OTTAWA/WASHINGTON: In a significant turnaround, Canada announced the withdrawal of its controversial agreement Digital Services Tax (DST) just a few days later US President Donald Trump suspended in progress commercial negotiations to protest against the levy. The decision aims to ease diplomatic tensions and pave the way for the resumption of negotiations before the July 21, 2025 timetable agreed upon G7 Leaders Summit in Kananaskis earlier this month.
Prime Minister Marc Carneyin an official statement on Sunday, confirmed that Canada and the United States had agreed to relaunch commercial discussionswhich was abruptly interrupted Friday by President Trump due to what he called a “direct and blatant attack on our country”.
“Today’s announcement will support the resumption of negotiations by July 21, 2025,” said Mr. Carney, emphasizing the importance of maintaining a constructive dialogue with Canada’s largest trading partner.
Background: What was Daylight Saving Time?
The Canadian DST, initially passed into law in 2024, proposed a 3% tax on the national digital revenues large multinational companies, particularly targeting online marketplaces, social media companies, digital advertising platforms and companies monetizing user data. The levy applied to companies earning more 20 million CAD ($14.6 million) in Canadian revenue each year and was should be collected retroactively from 2022.

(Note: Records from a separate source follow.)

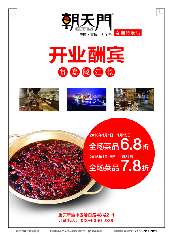 朝天門火鍋南國麗景店開業(yè)邀您賞嘉陵江夜景
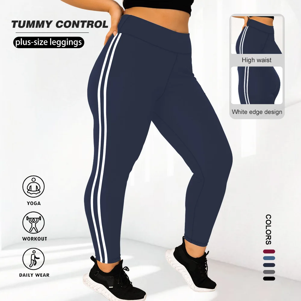 سراويل يوجا نسائية عالية الخصر بخطوط جانبية للتحكم في البطن بقصة ضيقة ملابس رياضية غير رسمية
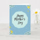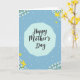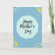 Designed with a gentle spring palette, this card features the words “Happy Mother’s Day” centered in a dark, flowing style that feels affectionate and close ❤️. The lettering sits inside a softly edged cloud shape in light cyan, creating a calm focal area against a deeper sky-blue background. In opposite corners, small clusters of white blossoms with fresh green leaves frame the message like a quiet bouquet. Two cheerful yellow birds glide through the scene—one near the upper right and another near the lower left—adding a light, friendly sense of connection. Tiny white cross-like sparkles are scattered across the deeper blue, like little twinkles that make the space feel tender and airy. The layout keeps the text easy to spot while the floral corners and birds guide your eye around the design in a gentle loop 🌼. The overall look stays soft and airy, with the bright accents balancing the cooler blues. Numerous small white cross shapes are sprinkled evenly across the background, behind the cloud and around the birds.

Although intended for eliminate tax loopholes which has enabled tech giants such as Apple, Amazon, Meta and Alphabet/Google In order to minimize their Canadian tax obligations, the measure quickly aroused the ire of the White House.

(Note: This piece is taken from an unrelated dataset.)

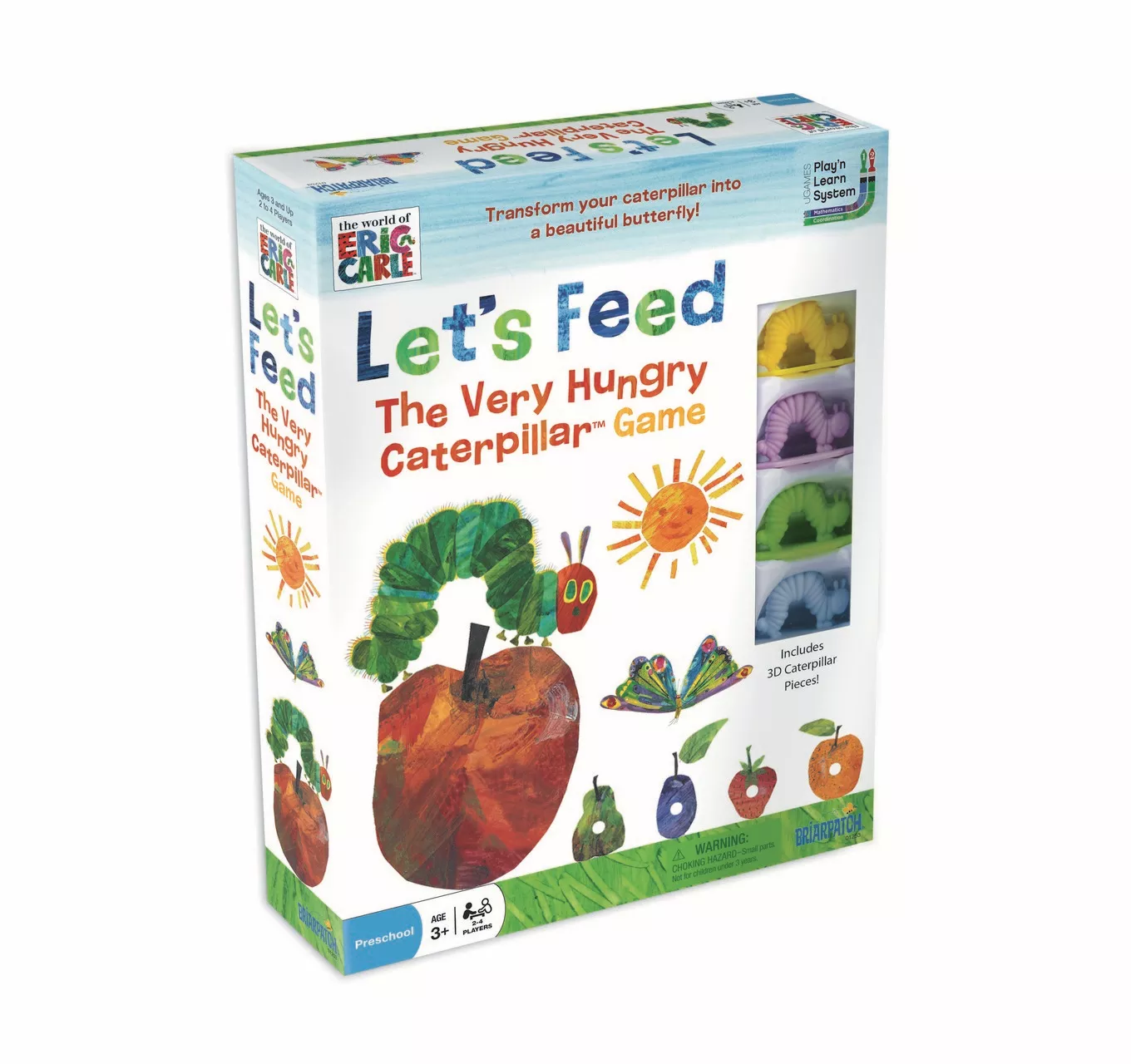 Let’s Feed the Very Hungry Caterpillar Children move colourful, 3D sculpted caterpillars from fruit to fruit, collecting a unique butterfly puzzle piece each time they stop to "eat." The first player to collect all five puzzle pieces and build a beautiful butterfly wins the game! Children practice decision-making by moving any direction on the board.…

Trump’s reaction and pressure tactics
In his Truth Social article published Friday, Trump accused Canada of unfairly targeting American companies and announced a total suspension of trade negotiations with Ottawa. He further warned that retaliation prices would be announced within a week.
Trump’s decision marked a sharp escalation of his administration’s protectionist stance, similar to previous trade spats with allies during his previous term. Observers noted the broader implications for U.S. Relations with G7 Partnersespecially since France, United Kingdom and Italy have also implemented similar digital taxes.
Domestic criticism in Canada
The Canadian government’s about-face has sparked criticism at home. Paris Marxa prominent Canadian technology journalist, said the decision sends the message that “Canada can be shaken up. »
“Multinational technology companies are not paying their fair share of taxes in Canada. This tax was designed to solve this problem, and moving backward shows weakness,” Marx said.
“The United States blocked a global solution under Biden and Trump, and countries like Canada had no choice but to act unilaterally. »
Response from the Ministry of Finance
In a press release, Canada Ministry of Finance confirmed that the DST collection will be stopped immediatelyand legislation to formally repeal the Digital Services Tax Act will be filed soon by Finance Minister François-Philippe Champagne.
The department reiterated that Canada “the preference remains a multilateral agreement» through the Organization for Economic Co-operation and Development (OECD) framework, but acknowledged that progress in this area has been blocked.
Commercial and economic context
Canada is the The second largest trading partner of the United Stateswith bilateral trade reaching nearly 762 billion dollars in 2024. Although he was spared from Trump’s earlier Price package April 2025Canada still faces 50% tariffs on steel and aluminum.
Analysts now see resumption of trade negotiations between the United States and Canada also critical for the Agreement deadline of July 21especially with North American economic integration And supply chain coordination at the top of the agenda before North American Competitiveness Summit 2026.